Number Two: Embrace vouchers

Being for school choice is great, because it works. It gives parents the right to have a say in how to educate their own kids, and it’s an important lever for change in the entirety of public education. While you can and should applaud and support the diversity of choice programs that are in place nationwide, it’s also important to use your public position to advocate for expanding the most impactful school choice programs. Today some 14 different school choice programs provide numerous options among private schools to parents who are poor, parents who have children with special needs, parents who live in certain cities, and now, thanks to Nevada, any parent anywhere in that state. Many of these impressive programs provide tax credits and third-party scholarships to families making choices difficult to navigate and often difficult to afford. They are great programs, all of them, and provide parents with some to lots of power. However real power for parents comes from having direct purchasing power in the form of vouchers. Money moves with the parent, putting the school they left in a defensive (and often more competitive posture) and enabling other schools to vie for the privilege of educating their child.

Many legislators, opponents and even advocates point to legal and constitutional barriers as a reason not to push vouchers in a majority of states. We should, however, be willing to challenge the wrongheaded constitutional bans based on religious discrimination, and so my presidential candidate will demand that states not only consider full-scale voucher programs that help the poorest among us, but will challenge any state ban that is rooted in discrimination of any sort to change or be challenged. Let’s get the issue more forcefully on the national table and reengage all in a critical aspect of social justice for all.

Number Three: High standards come in all shapes and sizes

The third principle that my candidate would stand for is a willingness to endorse and support the highest of educational standards, and appreciate that whether or not it sounds chaotic, state and local communities do indeed have every right to determine what they believe are the best standards for their kids. Yes, there is no doubt that uniform expectations for math and reading should be applied to all students, however, when it comes to matters of science, history and literature, expectations for students are wide and varied. Rarely do we hear a presidential candidate demand that we teach our students every bit of foundational content critical for them to be productive actors in our rich American tapestry.
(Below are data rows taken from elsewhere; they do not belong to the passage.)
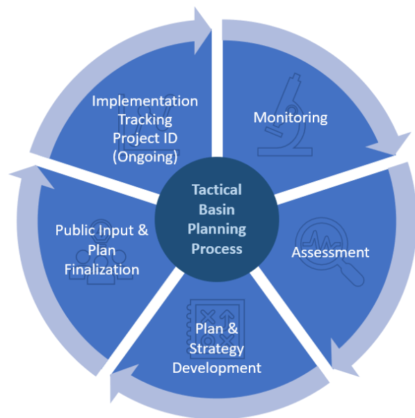
Figure 2. Five-year basin planning cycle.

TBPs are integral to meeting a broad array of both state and federal requirements including the U.S Environmental Protection Agency's 9-element framework for watershed plans (Environmental Protection Agency, 2008) and state statutory obligations including those of the Vermont Clean Water Act, and 10 VSA § 925 and 10 VSA § 1253 (Figure 1).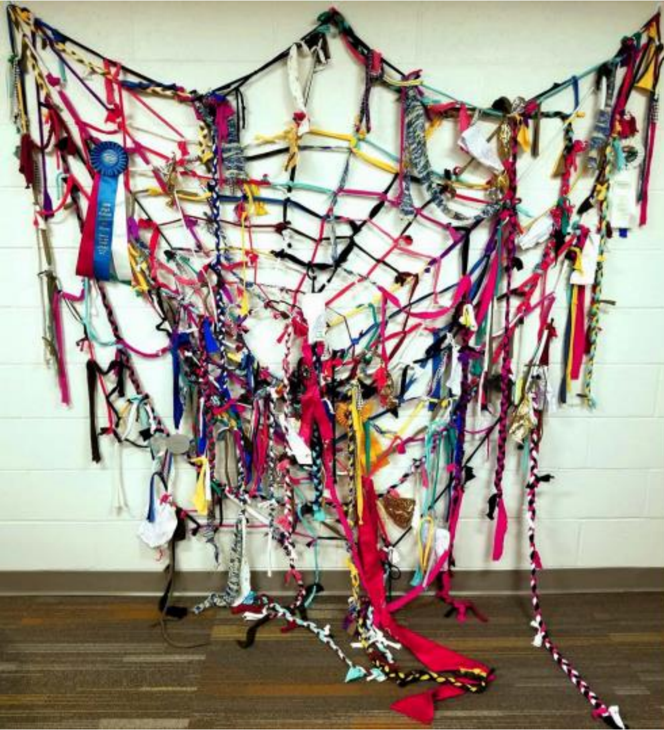
Asia Spinks Burden 2020 old t-shirts, award ribbons, gold balloon pieces, red sash, journal pages 6' x 6' x varied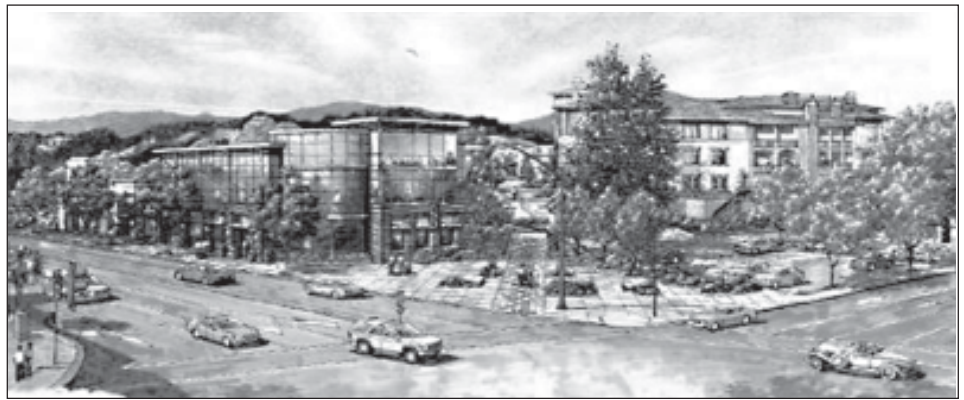
Plans for Centre Place, under construction at the corner of South California and Olympic boulevards, include improvements to the Alma Park entryway plaza.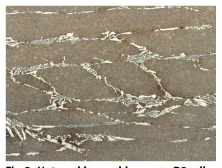
Fig. 3. Hot-working problems on a D2 roll

In addition to a large number of inclusions, cracking during solidification and hot working may introduce flaws that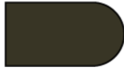
Walnut Brown SW4009 LRV 3%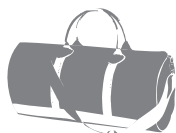
College Sports Bag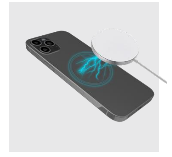
SRP € 29,99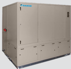
Self-Contained packaged vertical systems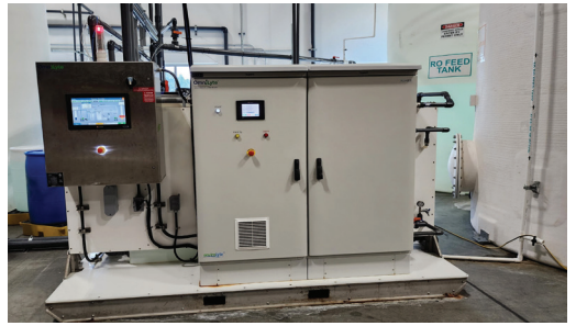
Omnilyte model Pro-4800 Alkalizer System with full RO System and Alkalizer, Dual Ozon System.

There has yet to be any national effort that fosters among our students a deep understanding of the principles of our nation, important battles fought throughout our nation’s history, aspects of international relations to demonstrate America’s clear exceptionality and the kind of literature rooted in the 18th, 19th, and 20th century. Most common curriculum and standards today are politically correct and emphasize only what is contemporary.

At the national level, when this discussion ensues it normally descends into a battle of what history is most relevant. Most states and local communities understand that’s not acceptable so let’s allow states and communities to battle over standards, which is their constitutional right. Then a president can provide leadership at the national level that simply reinforces and addresses the importance of educational excellence and incentivizes that at the local level.

There are many other things my presidential candidate would do, from ensuring flexibility and freedom for higher-education institutions, to treating all educational organizations regardless of their tax status equally based on results, to reducing bureaucracy that directs states, districts and schools how to spend money they get and at the same time, to being willing to penalize states and communities who treat students and children badly. For now, though, I’ll take the top three.